LOL. Of all the UFC WW's to pick, you went with Anthony Johnson in the Top 5? Nick Diaz is not a Top 10 WW, he's barely fought anyone, and if he went to the UFC he'd be exposed and bumped out of the Top 10 talk for good. Nick would get beaten up by GSP, Fitch, Shields, Koscheck, Penn, Alves, Hughes, Kampmann, Condit, Stun Gun, Story, Hardy and he's already lost to Sanchez. He would not be in the top tier of the UFC's WW division, and he knows it, which is precisely why he signed a new 4 fight deal with Strikeforce.


----------



## osmium (Mar 6, 2007)

Danm2501 said:


> LOL. Of all the UFC WW's to pick, you went with Anthony Johnson in the Top 5? Nick Diaz is not a Top 10 WW, he's barely fought anyone, and if he went to the UFC he'd be exposed and bumped out of the Top 10 talk for good. Nick would get beaten up by GSP, Fitch, Shields, Koscheck, Penn, Alves, Hughes, Kampmann, Condit, Stun Gun, Story, Hardy and he's already lost to Sanchez. He would not be in the top tier of the UFC's WW division, and he knows it, which is precisely why he signed a new 4 fight deal with Strikeforce.

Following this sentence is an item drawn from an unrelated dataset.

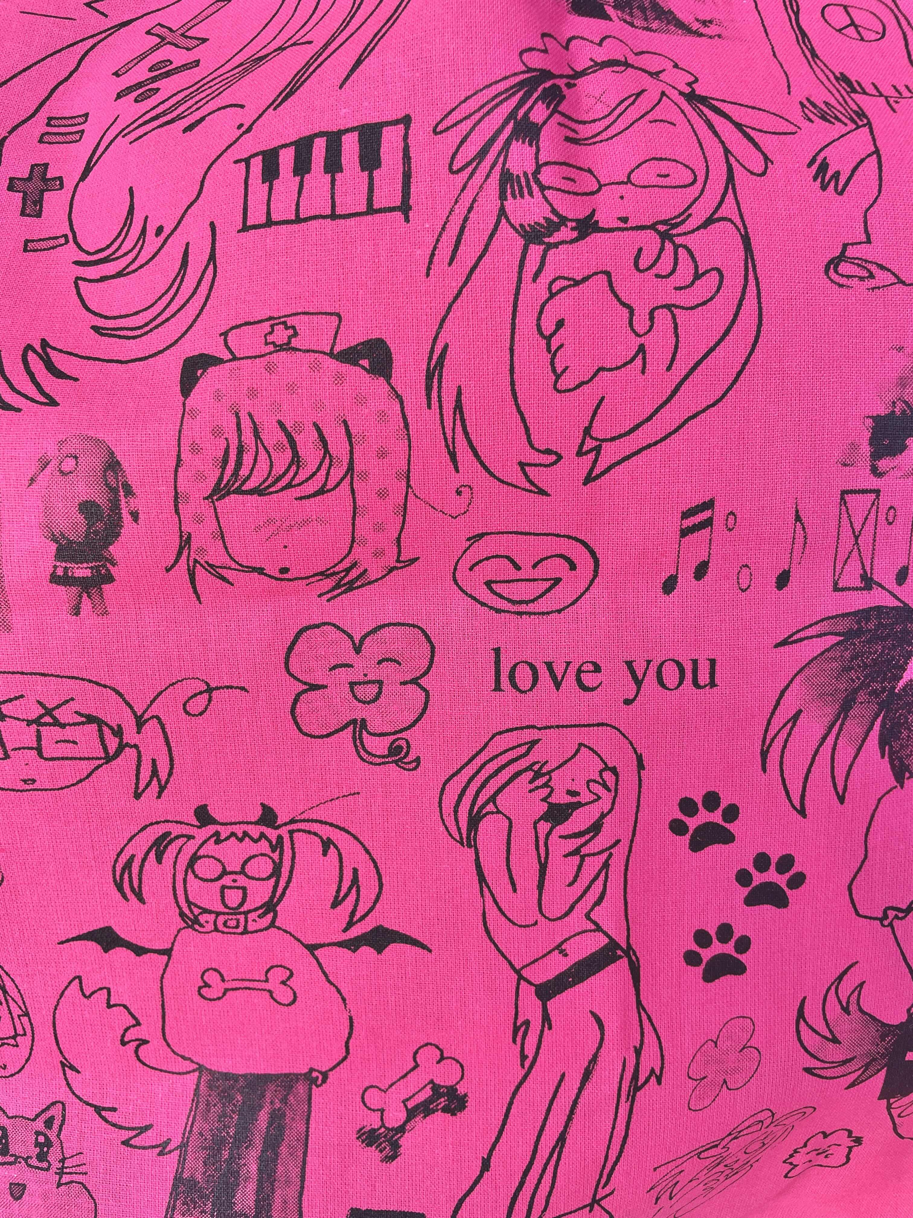 black ink on a hot pink 100% cotton tote bag, measuring approx 15 x 16 inches

This plus Lytle, Ellenberger, and a healthy Swick. I wouldn't say it is out of the question that several guys below them like Volkmann and MacDonald could beat him also.


----------



## KillerShark1985 (Jan 6, 2010)

So I am guessing you guys think this is an easy win for Daley then, we will see, the Daley fight should tell us a lot.


----------



## limba (Jul 21, 2009)

I just can't take for real what he's saying.

You have a fighter who says he is willing to fight a MW - Mayhem - but then he doesn't do it, because of weight issues, and Coker said it was really close to happening and it all fell apart because of 2 lbs.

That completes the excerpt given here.